Task item:
In the entries below, find the line with "选择好模型之后需要上传图像或" and the line with "白のダッフルコートは可愛いコーディネートにピッタリ!", then retype both and everything between them exactly. Do not copy the pictures.

___ Data ___

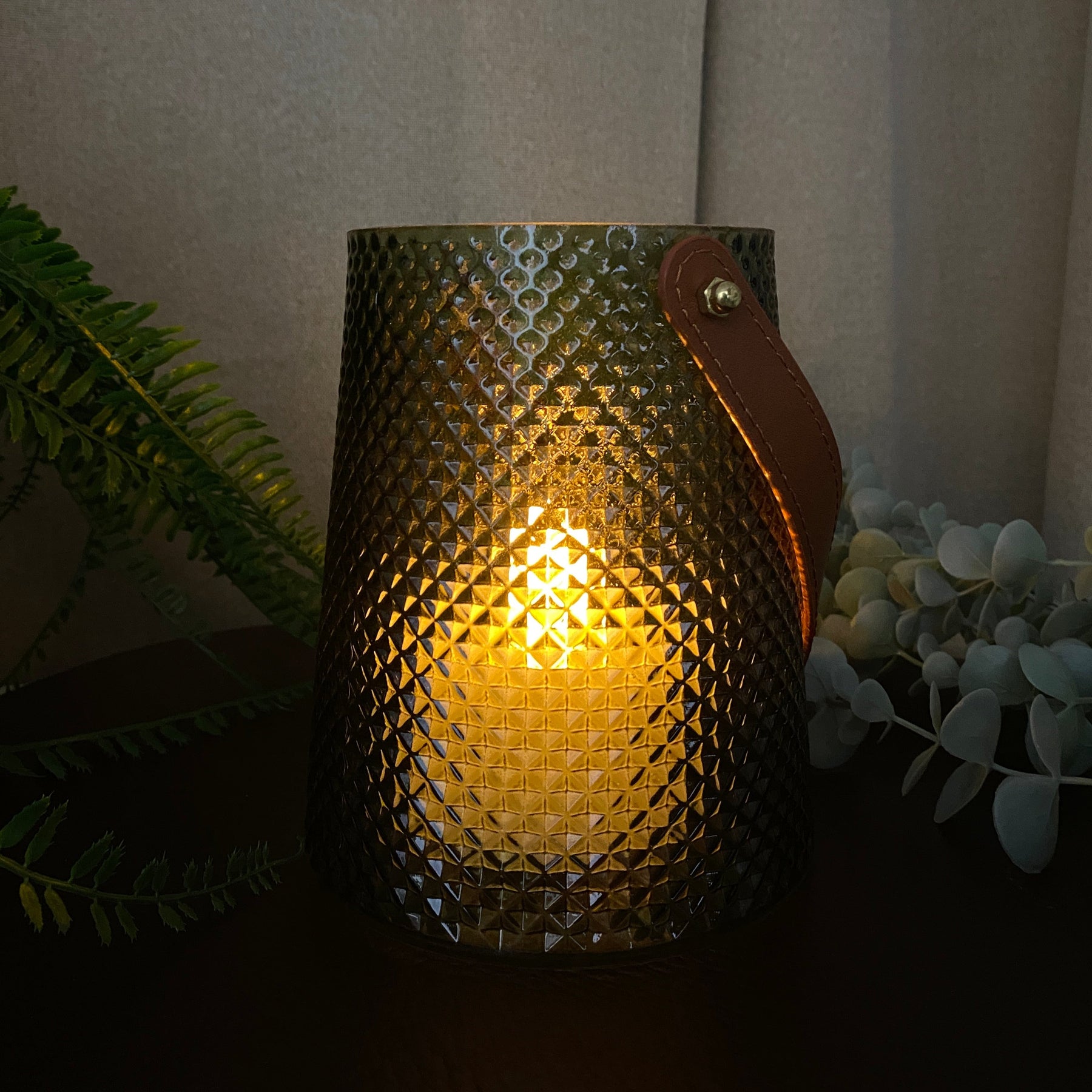 Dekorativ ljusstake i grönt glas med ett praktiskt handtag som gör den enkel att flytta runt. Ljusstaken skapar en mysig och varm atmosfär i hemmet, perfekt för levande ljus på bordet, i fönsterbrädan eller som en del av ett snyggt dekorationsarrangemang. Den enkla men eleganta formen passar in i både moderna och klassiska inredningar.
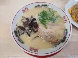 ラーメンは長浜ラーメン風のあっさりとんこつスープに細いストレート麺!
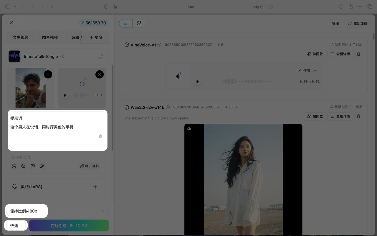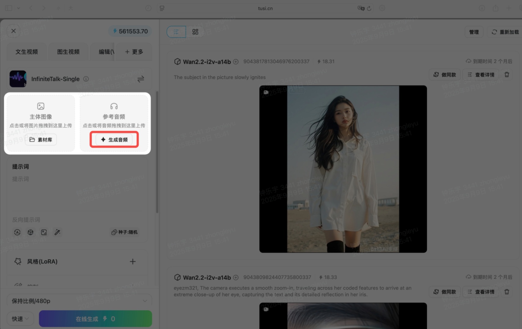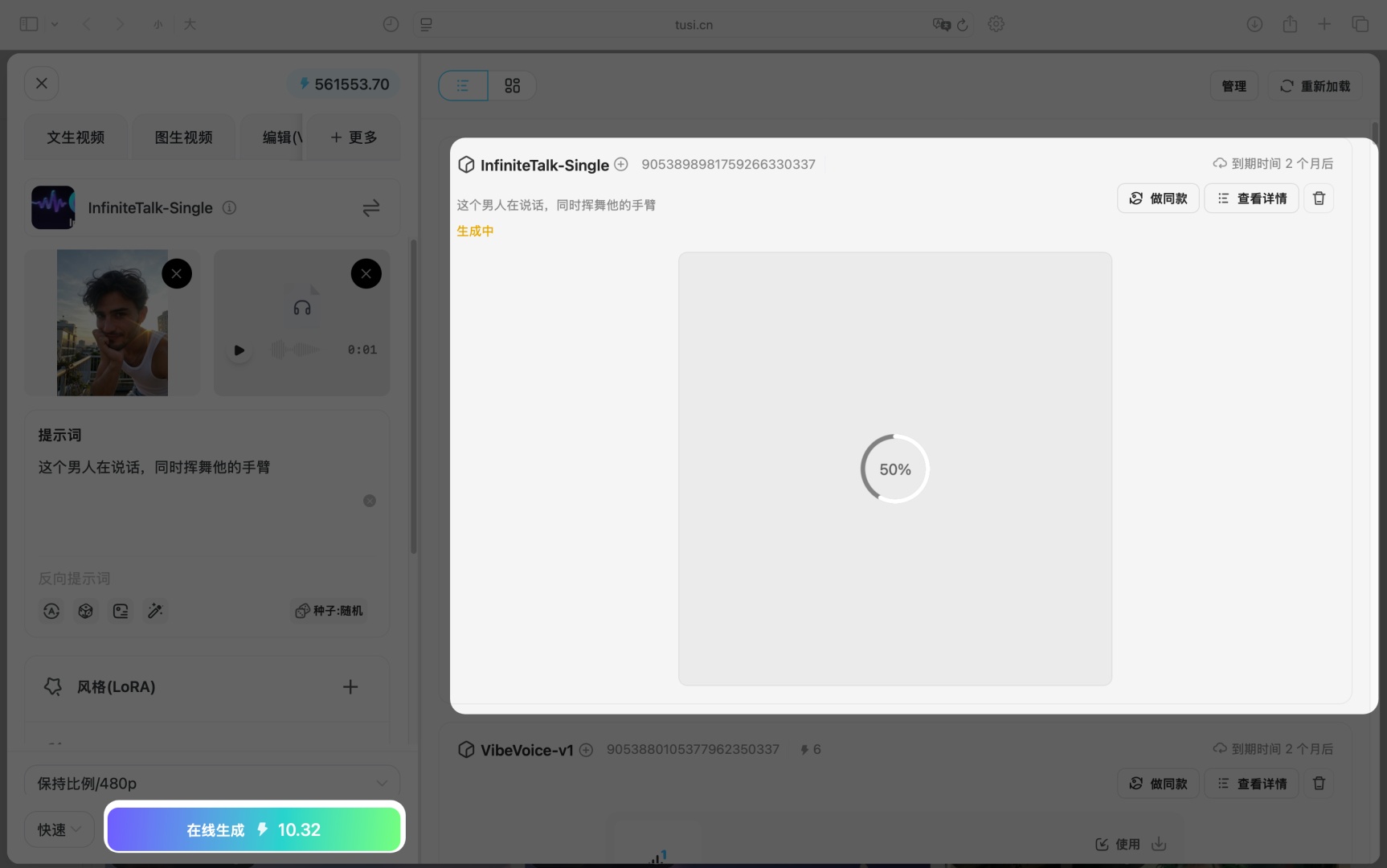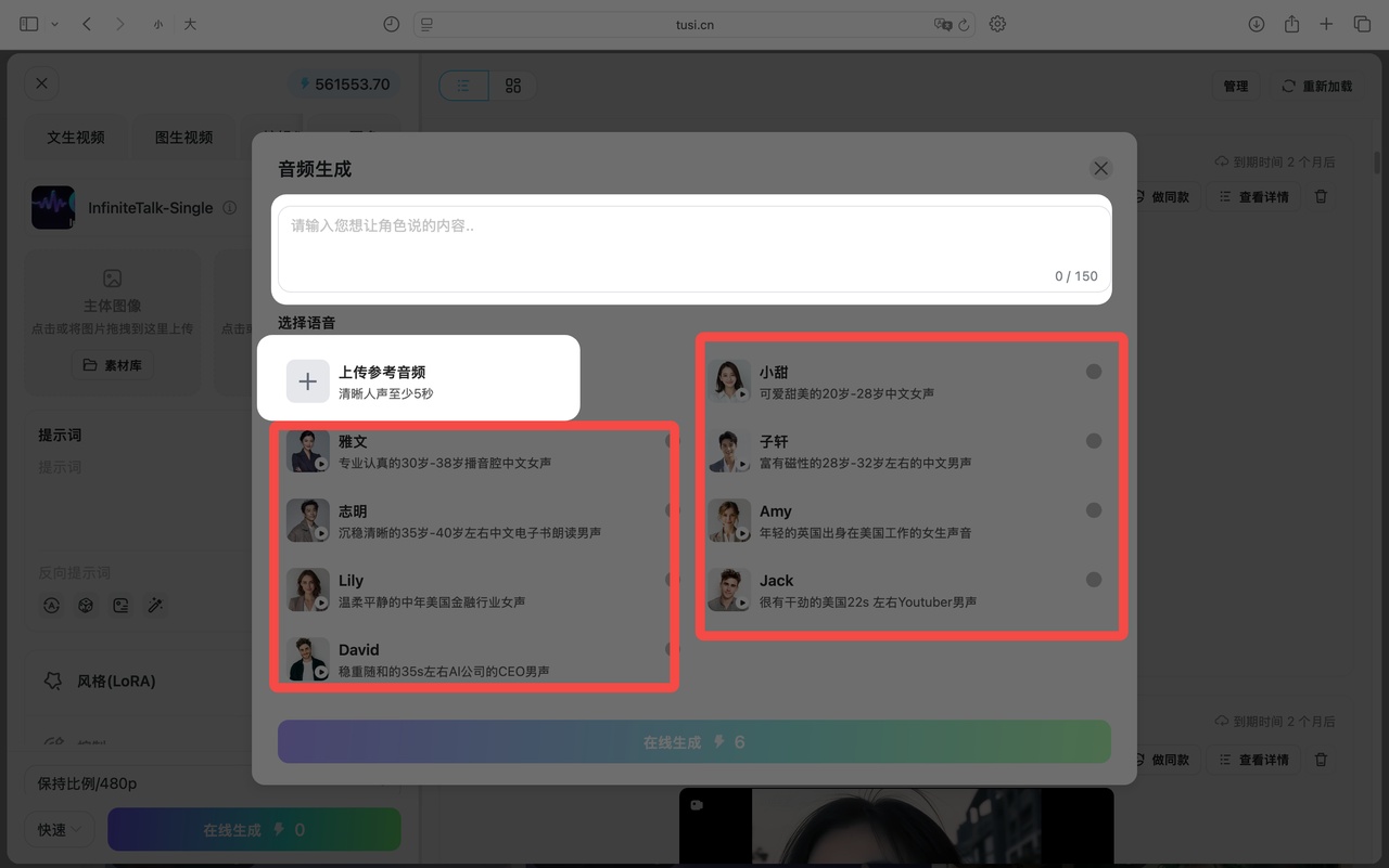 选择好模型之后需要上传图像或者音频。 考虑到找到合适音频文件是一件相对困难的事情,我们同时支持了在线音频克隆功能,点击“生成音频”即可体验
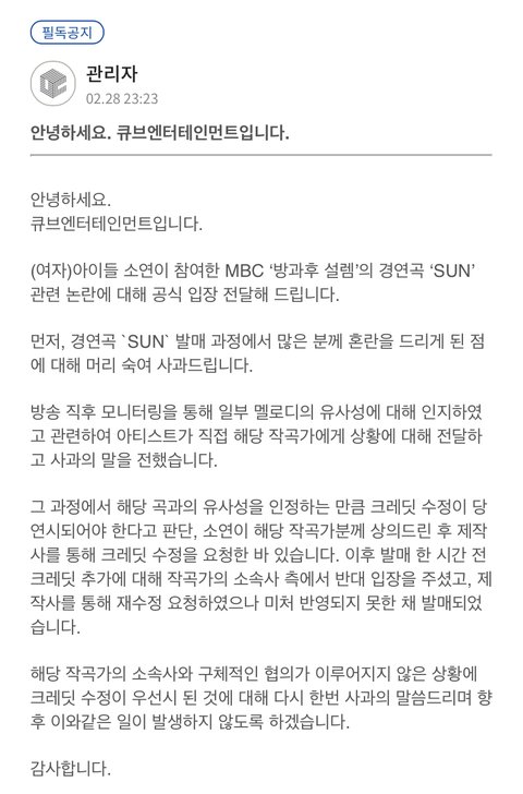 -> 큐브는 협의 하지 않고 정보수정이 우선시 된 점에대에 사과
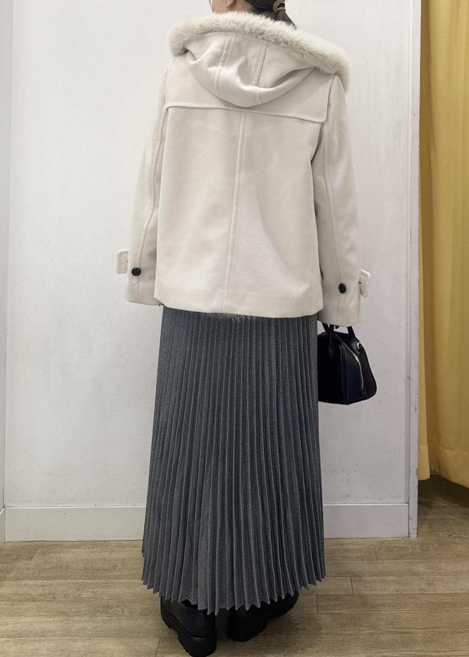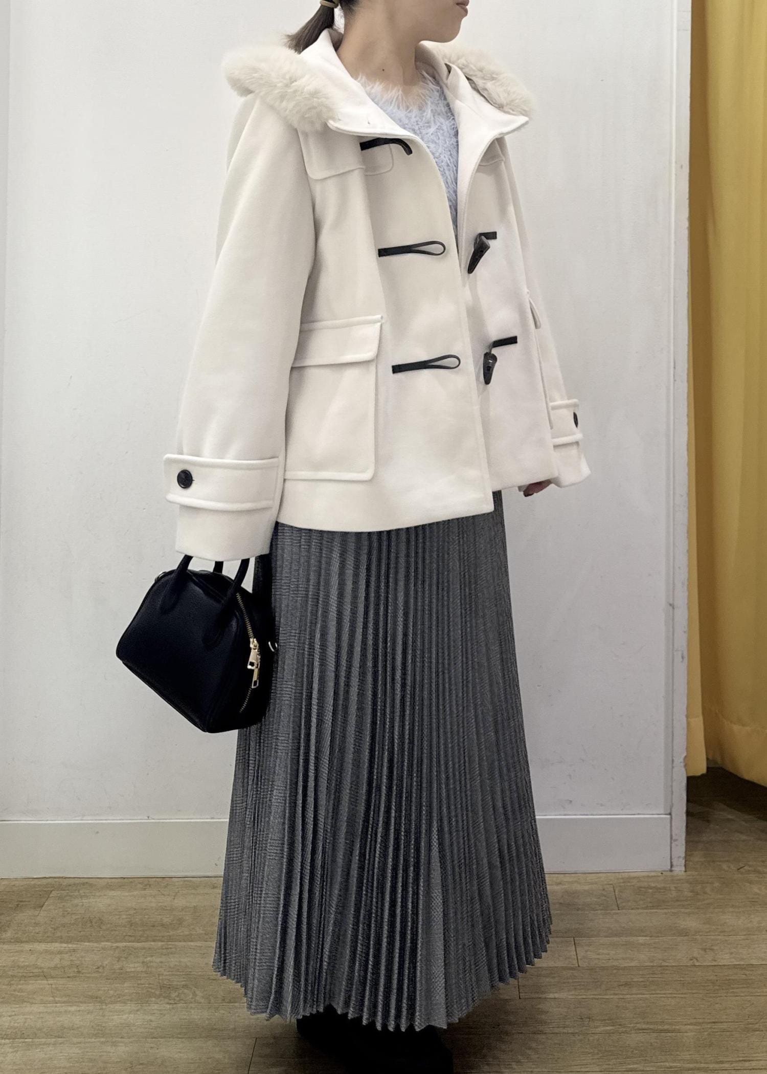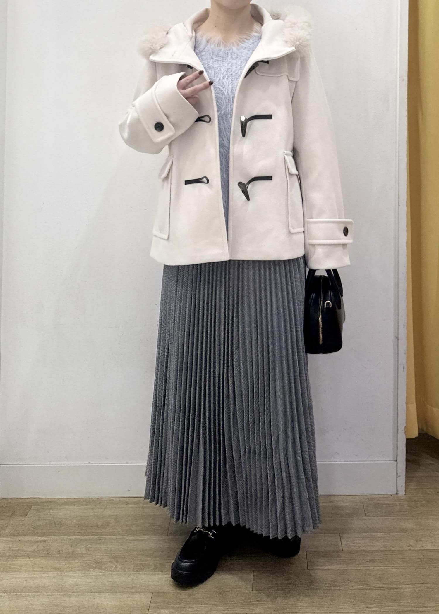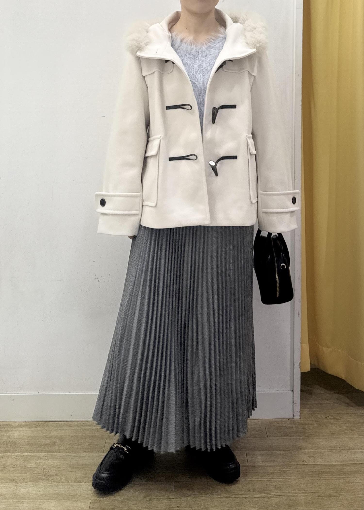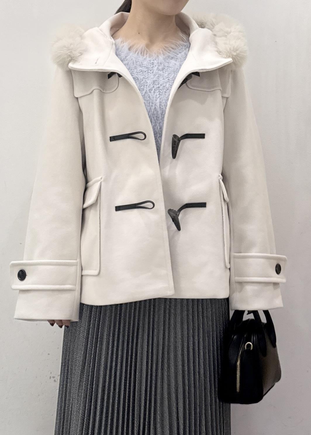 白のダッフルコートは可愛いコーディネートにピッタリ!
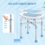 Made for assistance in the shower or bath, our shower chair for the elderly from HOMCOM is suitable for the elderly, injured or those who require extra assistance whilst showering or bathing. Adjustable to four different heights, the shower chair for the disabled help you find the most comfortable and safe position to sit. Its curved seat design with padding makes the shower seat for elderly comfortable to use. It's finished with four large suction foot pads for safety and stability. Shower and bath assistance: Made to give anyone who needs a place to rest whilst showering. This bath seat is great for seniors, disabled and pregnant people. Four-level adjustable height: Set to a position most suitable for you. Curved seats feature a padded panel, so you can sit on this bath stool comfortably. Drainage holes to prevent water build-up. Aluminium frame: Strong and steady core when you sit, this bath chair comes with an 'X' panel for extra support. Suction foot pads to grip the wet ground for safety. Compact: Great for smaller bathrooms and showers, making the shower bench suitable for plenty of spaces.

___

Solution for this exercise:
 选择好模型之后需要上传图像或者音频。 考虑到找到合适音频文件是一件相对困难的事情,我们同时支持了在线音频克隆功能,点击“生成音频”即可体验
 -> 큐브는 협의 하지 않고 정보수정이 우선시 된 점에대에 사과
 白のダッフルコートは可愛いコーディネートにピッタリ!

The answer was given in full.